** Exercise data follows **

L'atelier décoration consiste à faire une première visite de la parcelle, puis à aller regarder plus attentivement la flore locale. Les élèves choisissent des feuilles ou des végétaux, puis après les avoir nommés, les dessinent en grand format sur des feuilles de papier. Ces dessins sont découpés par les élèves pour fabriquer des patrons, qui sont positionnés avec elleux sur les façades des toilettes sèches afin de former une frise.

** End of Exercise data **
** Exercise data follows **

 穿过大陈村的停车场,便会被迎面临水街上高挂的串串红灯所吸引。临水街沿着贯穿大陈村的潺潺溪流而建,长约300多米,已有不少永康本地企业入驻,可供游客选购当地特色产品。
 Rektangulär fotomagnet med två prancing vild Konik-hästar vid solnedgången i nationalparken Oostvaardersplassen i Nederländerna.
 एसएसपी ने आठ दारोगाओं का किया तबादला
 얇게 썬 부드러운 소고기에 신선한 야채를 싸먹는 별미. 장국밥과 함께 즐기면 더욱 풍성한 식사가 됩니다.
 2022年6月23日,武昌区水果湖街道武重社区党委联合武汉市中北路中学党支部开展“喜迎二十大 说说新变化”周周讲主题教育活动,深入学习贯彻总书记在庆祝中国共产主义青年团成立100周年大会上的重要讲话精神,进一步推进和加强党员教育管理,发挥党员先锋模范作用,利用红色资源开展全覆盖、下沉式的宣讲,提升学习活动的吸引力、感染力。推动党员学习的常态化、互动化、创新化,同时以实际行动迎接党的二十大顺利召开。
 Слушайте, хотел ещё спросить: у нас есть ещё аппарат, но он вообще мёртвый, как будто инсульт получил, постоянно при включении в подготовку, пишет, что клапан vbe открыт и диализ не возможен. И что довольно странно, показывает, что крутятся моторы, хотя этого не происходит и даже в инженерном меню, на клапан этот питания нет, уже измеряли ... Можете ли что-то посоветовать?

** End of Exercise data **
** Exercise data follows **

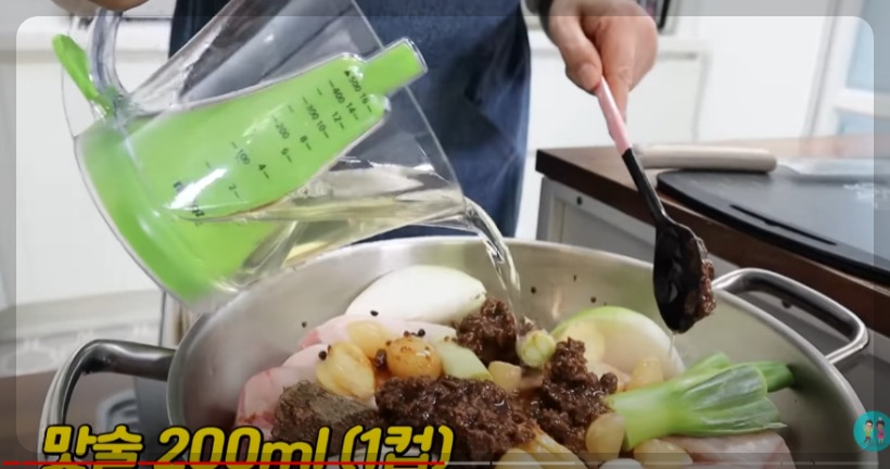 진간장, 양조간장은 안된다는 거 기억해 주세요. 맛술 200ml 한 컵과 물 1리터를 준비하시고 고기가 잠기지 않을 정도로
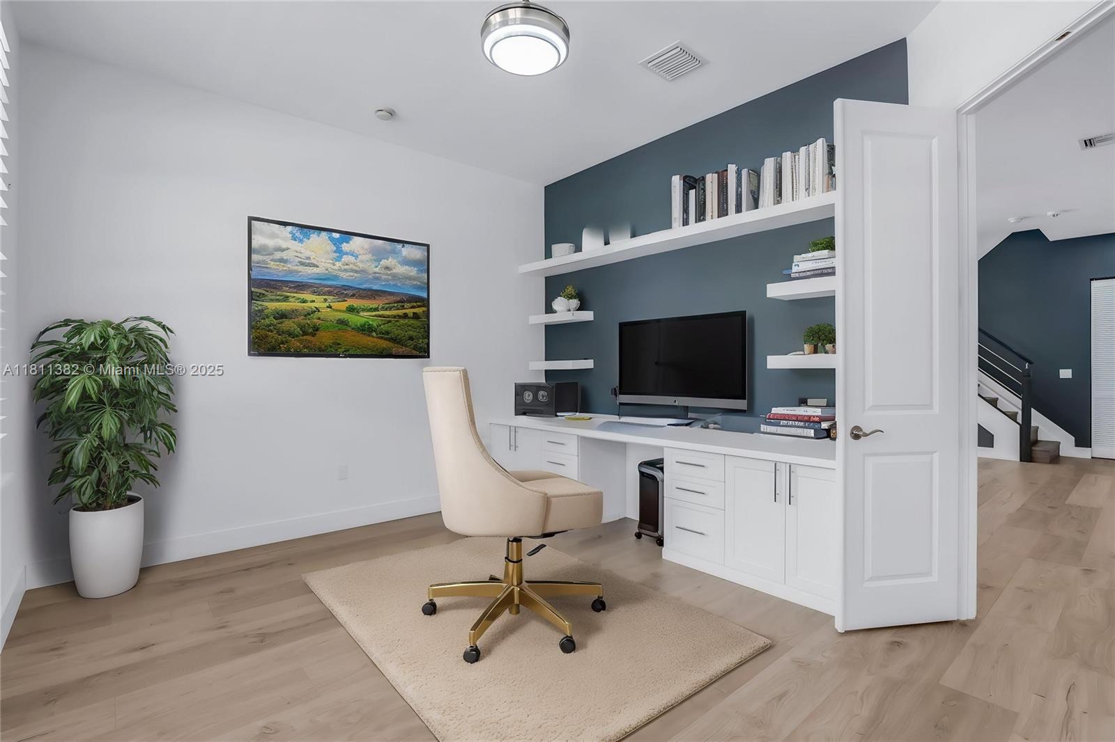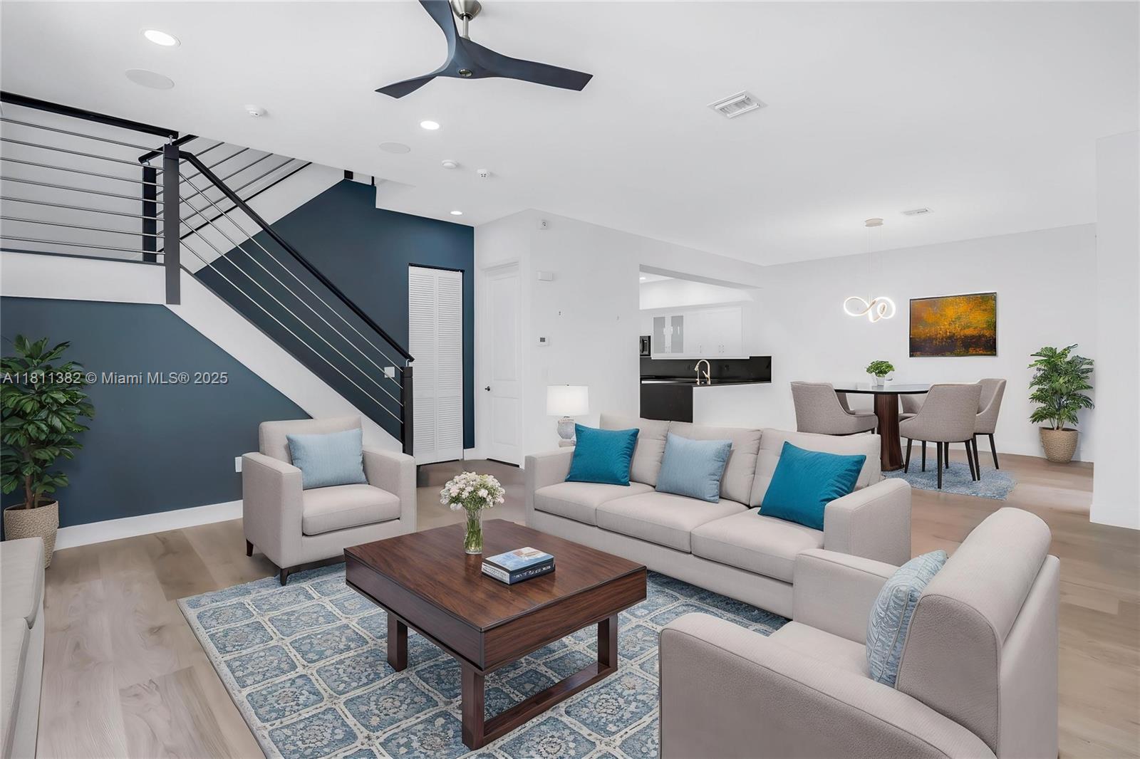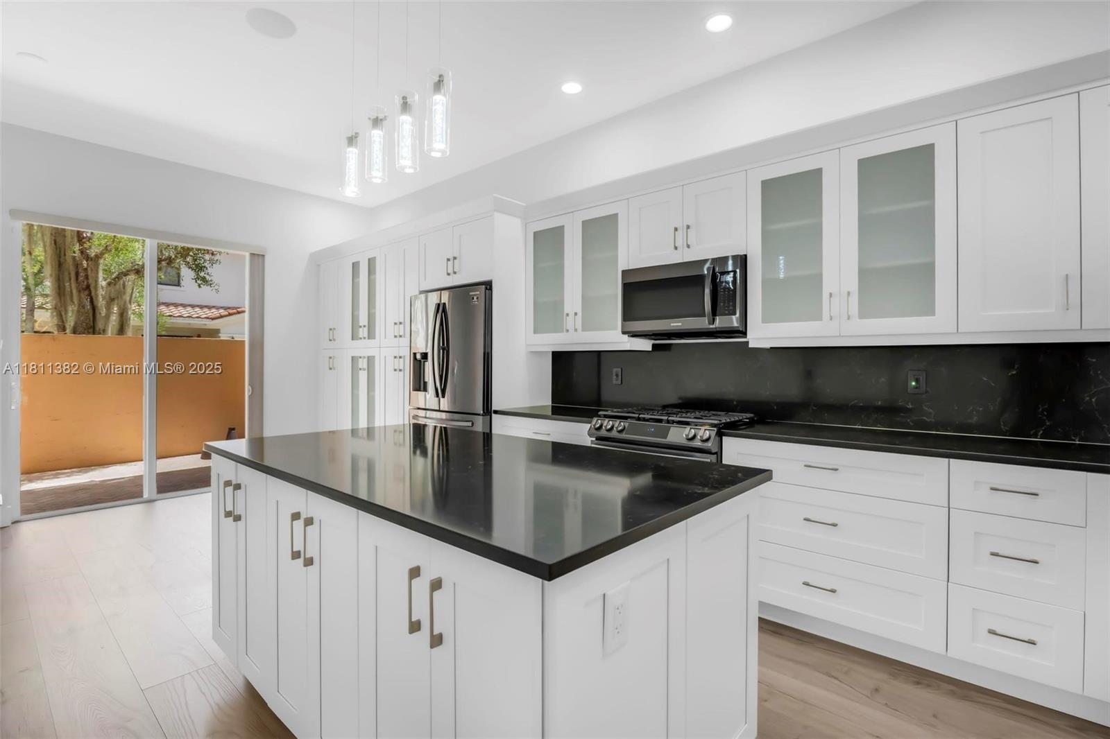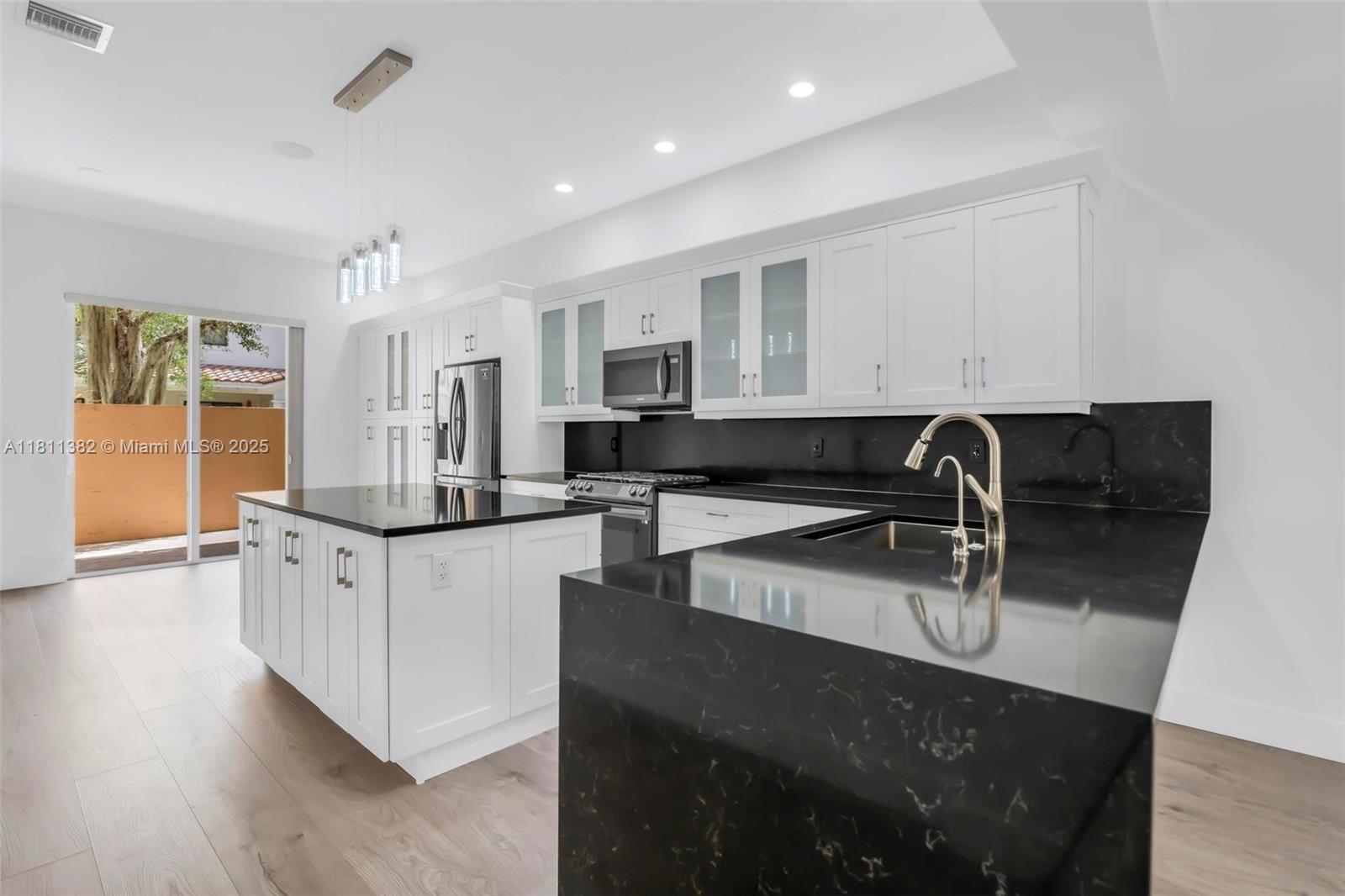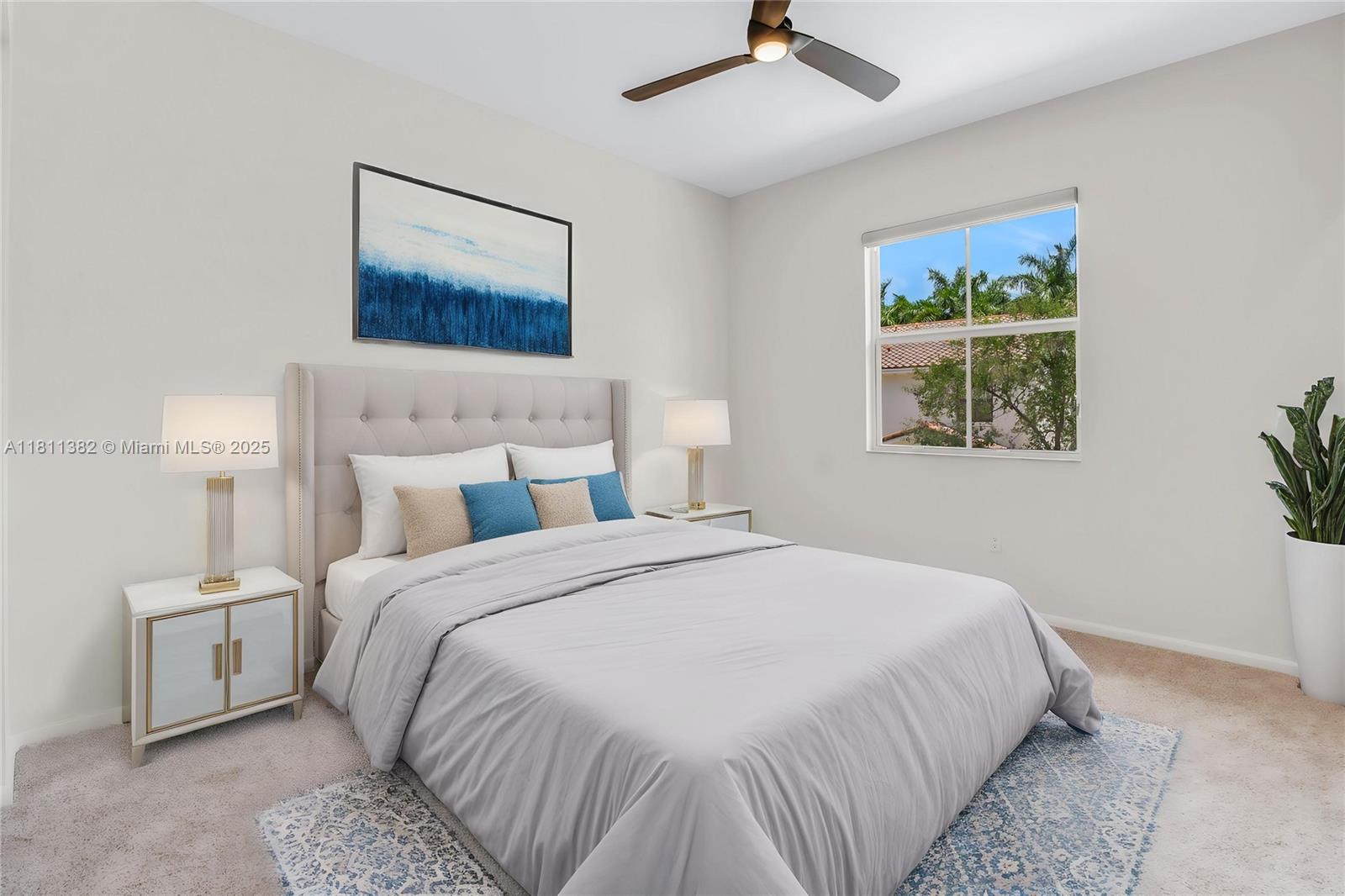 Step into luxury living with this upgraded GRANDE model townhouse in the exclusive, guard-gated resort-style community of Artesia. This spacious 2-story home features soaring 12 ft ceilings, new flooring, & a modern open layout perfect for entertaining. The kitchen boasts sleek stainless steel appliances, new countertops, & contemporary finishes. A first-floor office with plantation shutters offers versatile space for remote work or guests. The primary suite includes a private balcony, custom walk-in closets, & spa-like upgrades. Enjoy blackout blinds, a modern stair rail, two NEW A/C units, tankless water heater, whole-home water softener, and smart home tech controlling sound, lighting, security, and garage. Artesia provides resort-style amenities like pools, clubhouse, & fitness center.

** End of Exercise data **

Exercise brief:
Look above for the line with "얇게 썬 부드러운 소고기에" and the line with "Слушайте, хотел ещё"; transcribe both and all lines in between, exactly, and nothing else.

Completed exercise:
 얇게 썬 부드러운 소고기에 신선한 야채를 싸먹는 별미. 장국밥과 함께 즐기면 더욱 풍성한 식사가 됩니다.
 2022年6月23日,武昌区水果湖街道武重社区党委联合武汉市中北路中学党支部开展“喜迎二十大 说说新变化”周周讲主题教育活动,深入学习贯彻总书记在庆祝中国共产主义青年团成立100周年大会上的重要讲话精神,进一步推进和加强党员教育管理,发挥党员先锋模范作用,利用红色资源开展全覆盖、下沉式的宣讲,提升学习活动的吸引力、感染力。推动党员学习的常态化、互动化、创新化,同时以实际行动迎接党的二十大顺利召开。
 Слушайте, хотел ещё спросить: у нас есть ещё аппарат, но он вообще мёртвый, как будто инсульт получил, постоянно при включении в подготовку, пишет, что клапан vbe открыт и диализ не возможен. И что довольно странно, показывает, что крутятся моторы, хотя этого не происходит и даже в инженерном меню, на клапан этот питания нет, уже измеряли ... Можете ли что-то посоветовать?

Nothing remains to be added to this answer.